HACKER Q&A
📣 desertraven

Best method to classify short audio events in real time?


I don't have too much experience with statistics (or ML), but a lot of the articles I've found are quite complicated for something I expected to be simple.

There are four distinct sounds I need to detect in real time with an embedded device. Think a clap sensor, but with 4 different sounding claps.

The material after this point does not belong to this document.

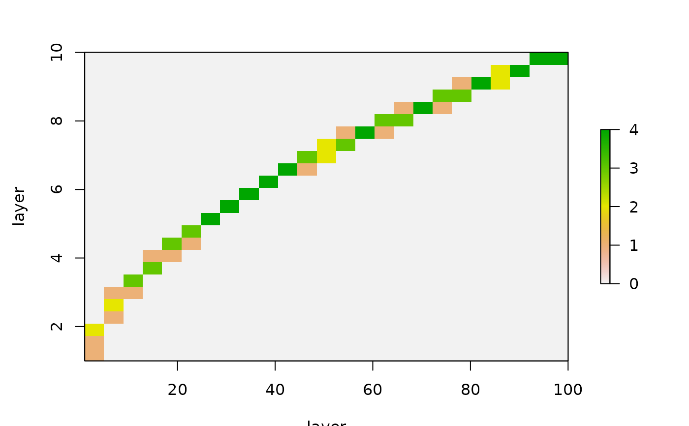 plot(r, breaks=brks, col=cols, lab.breaks=brks, zlim=c(0,1), main='first')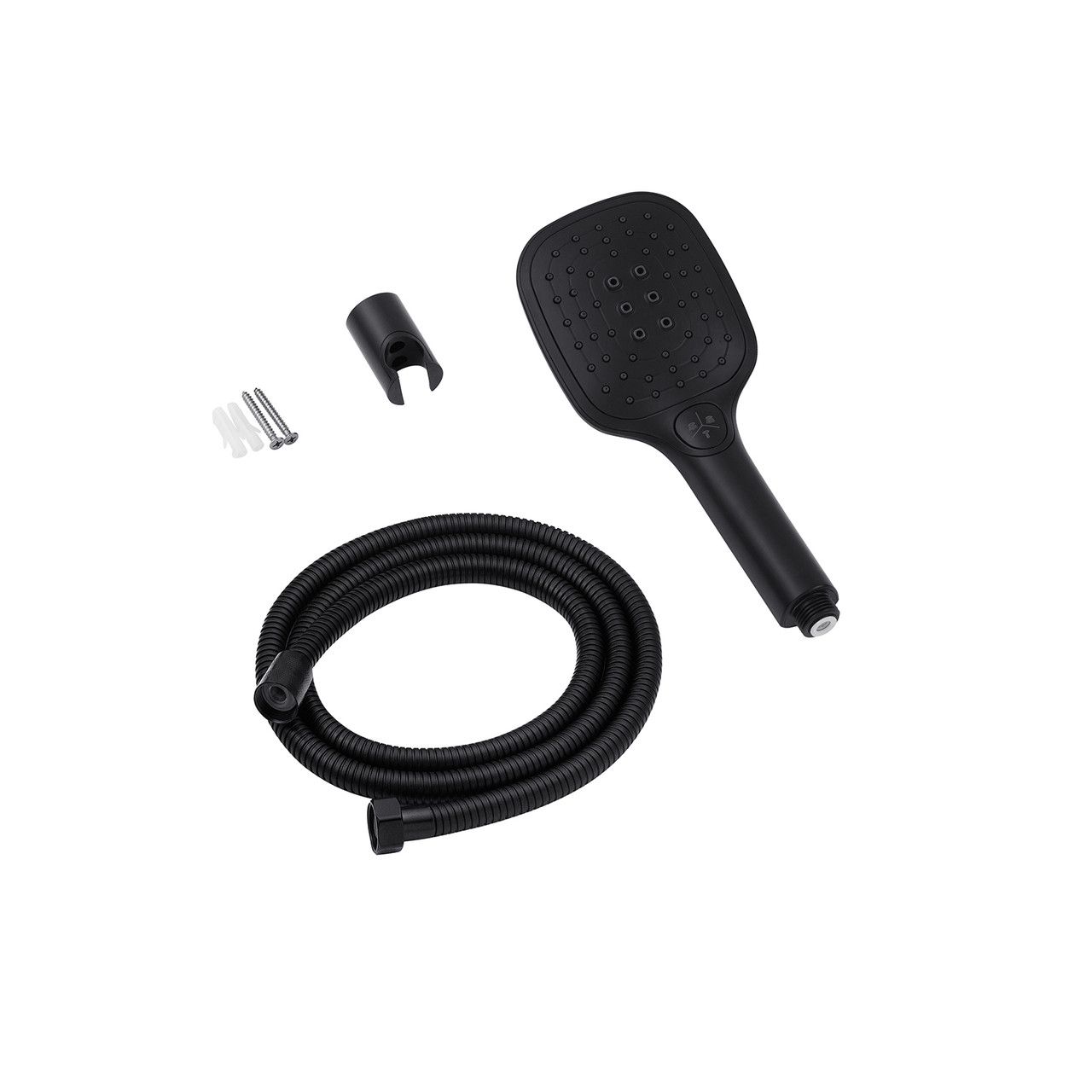 Душевой набор Kroner KRP SET Kubus-SCH800 выполнен из пластика с черной матовой поверхностью, которая имеет привлекательный эстетичный вид и менее подвержен влиянию коррозии. Набор обеспечит максимально комфортный прием душа. Он состоит из лейки для ручного душа, кронштейна и шланга для душа. Монтируется без особого труда и дополнительных подручных средств. Лейка имеет прямоугольную форму и три режима переключения струи. Душевой шланг изготовлен из нержавеющей стали длиной 1500 мм. Кронштейн монтируется благодаря использованию шурупов и дюбелей, что обеспечивает прочный и надежный крепеж душевого гарнитура к стене.

How might I go about this? How much training data (if any) do I need to collect? Is there an off-the-shelf method to just classify a few different audio events to a high degree of accuracy, and then embed that to a microcontroller (even a computer at this point)?

Thanks!


  👤 tkanarsky Accepted Answer ✓
Edge Impulse does everything you described. It has a really nice web UI that lets you collect and annotate data, extract features, train a model, and bake it into a microcontroller image for inference. It supports a good chunk of microcontrollers and SBCs out there.

https://docs.edgeimpulse.com/docs/development-platforms/full...


👤 t0mas88
This book has a good example using Tensorflow Lite on a micro controller for speech recognition on a few commands, that would probably work for different sounds: https://www.amazon.com/TinyML-Learning-TensorFlow-Ultra-Low-...

(And it's overall a nice book, very easy to read and follow along the examples)


👤 simne
I think this task is lot more about DSP, and very little ML, just Bayes classification (I will write on it later).

Best book I know on DSP:

The Scientist and Engineer's Guide to Digital Signal Processing By Steven W. Smith, Ph.D.